User Edit Pencil Streamline Icon: https://streamlinehq.com
Authors (11)
  1. Anton Bushuiev (4 papers)
  2. Roman Bushuiev (4 papers)
  3. Petr Kouba (2 papers)
  4. Anatolii Filkin (1 paper)
  5. Marketa Gabrielova (1 paper)
  6. Michal Gabriel (1 paper)
  7. Jiri Sedlar (10 papers)
  8. Tomas Pluskal (4 papers)
  9. Jiri Damborsky (3 papers)
  10. Stanislav Mazurenko (7 papers)
  11. Josef Sivic (78 papers)
Citations (10)

Summary

Learning to Design Protein-Protein Interactions with Enhanced Generalization: An Essay

This paper presents a contribution to the domain of protein-protein interaction (PPI) design through machine learning methodologies by proposing a framework that promises improved generalization capabilities. The major contributions of the paper include the introduction of the PPIRef dataset, the conception of a new SE(3)-equivariant model named PPIformer, and demonstration of PPIformer’s superior performance in predicting mutation effects on PPIs.

PPIRef: A Comprehensive Dataset

The authors have curated PPIRef, the largest non-redundant dataset of 3D protein-protein interactions to date.
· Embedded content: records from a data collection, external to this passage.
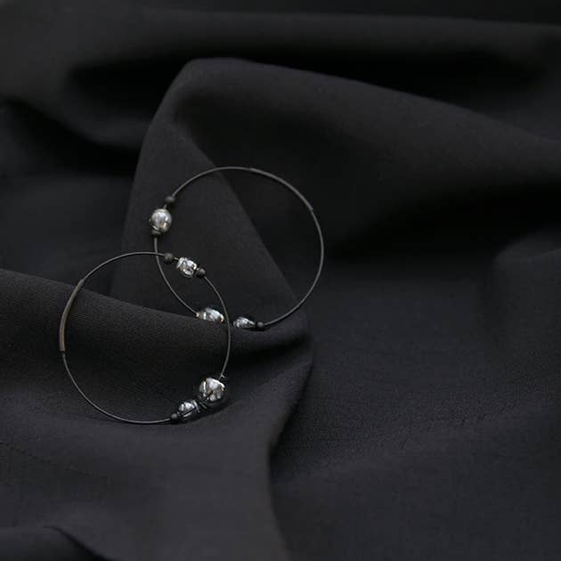 Fun and fabulous! Made in Canada. The wire of these hoops opens from the tube piece and easily fits through the ear, making this airy pair of hoops the perfect lightweight accessory. The teeny glass beads are lightweight and immediately eye-catching! Materials All metals are brass finished with plating. *Orbs are Tinted Glass (Please note: these glass beads are sturdy and are not easily broken) Finishing 12K Gold, Rhodium, *Black Zinc on brass (*Nickel Free) Dimensions Each hoop measures 1.5" Dia. the largest bead is 0.5" Dia.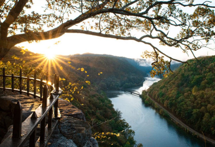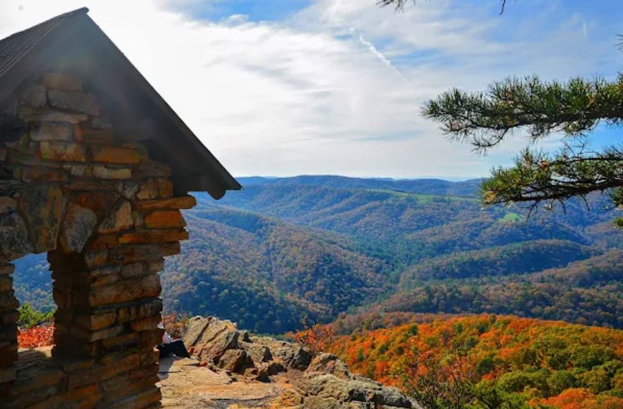 Built by the Civilian Conservation Corps since 1934 and opened in 1937 near the 1756 Battle of Lost River site, it features 26 vacation cabins, hiking trails to the iconic Cranny Crow overlook atop Big Ridge Mountain with views across five counties, horseback riding, a seasonal swimming pool, tennis, volleyball, archery, and historic sites like the 1804 Lighthorse Harry Lee Cabin listed on the National Register of Historic Places.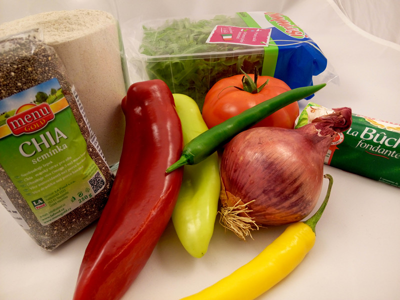 100 g semínek chia – 300 g pohankové mouky hladké – 1 lžíce cukru – 1 lžička droždí – ½ lžičky soli – sezónní zelenina (paprika, rajče, rukola, cibule) – sýr (např. balkánský, kozí rolka, nebo mozzarella) – olivový olej na pokapání – pepř, sůl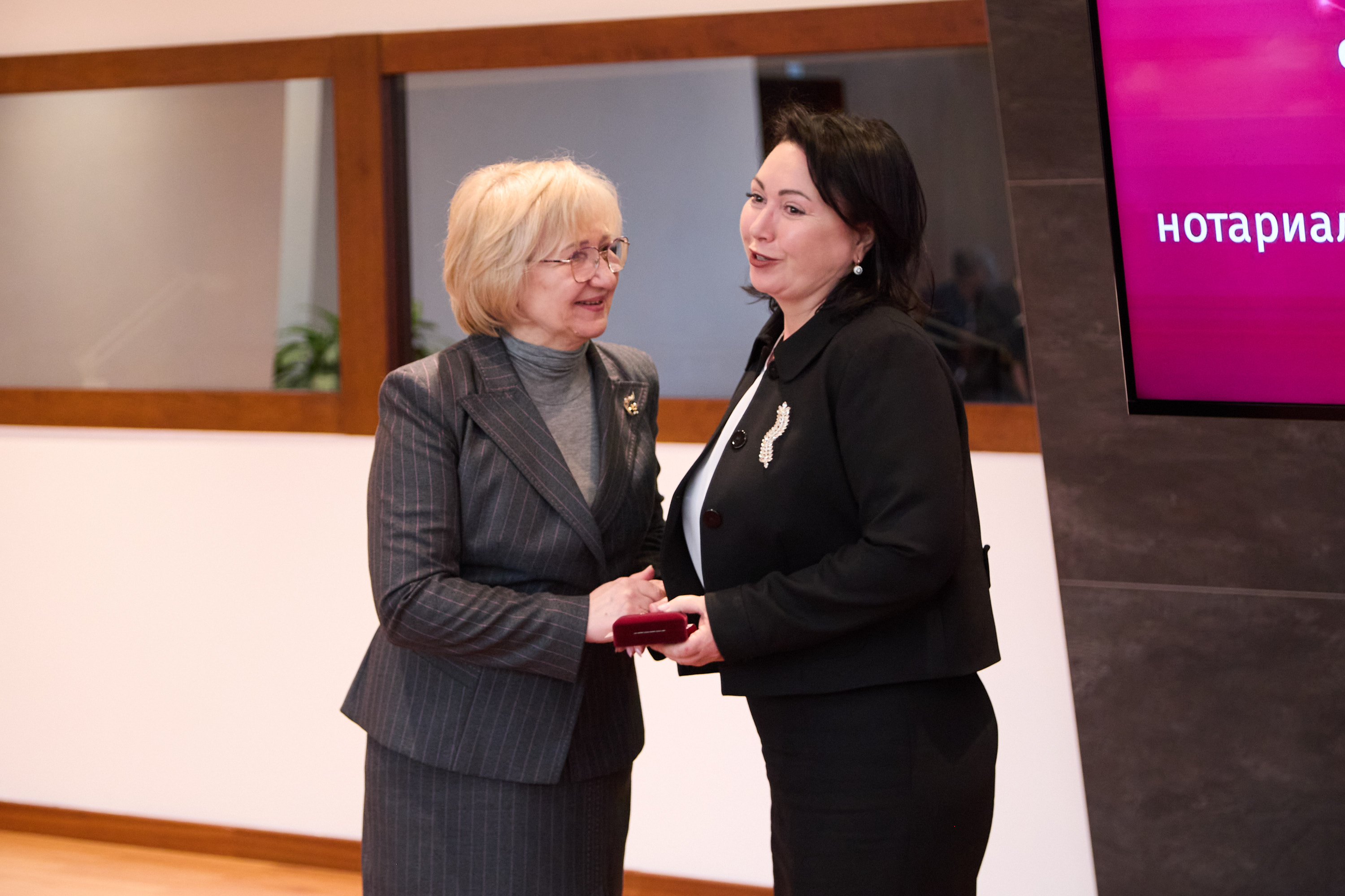 Медалью «За многолетний добросовестный труд в нотариате» 2 степени были награждены президент Нотариальной палаты Республики Северная Осетия-Алания Бэла Кисиева и президент Нижегородской областной нотариальной палаты Кирилл Лазорин.

The dataset leverages data from the Protein Data Bank (PDB) and addresses critical issues in existing datasets, including redundancy and bias. This is achieved using a novel scalable algorithm called iDist, which identifies and clusters structurally similar protein interfaces, thus enabling the construction of a comprehensive yet non-redundant dataset. PPIRef’s deduplication ensures diverse exposure to PPI structures during model training, which is crucial for achieving broad generalization.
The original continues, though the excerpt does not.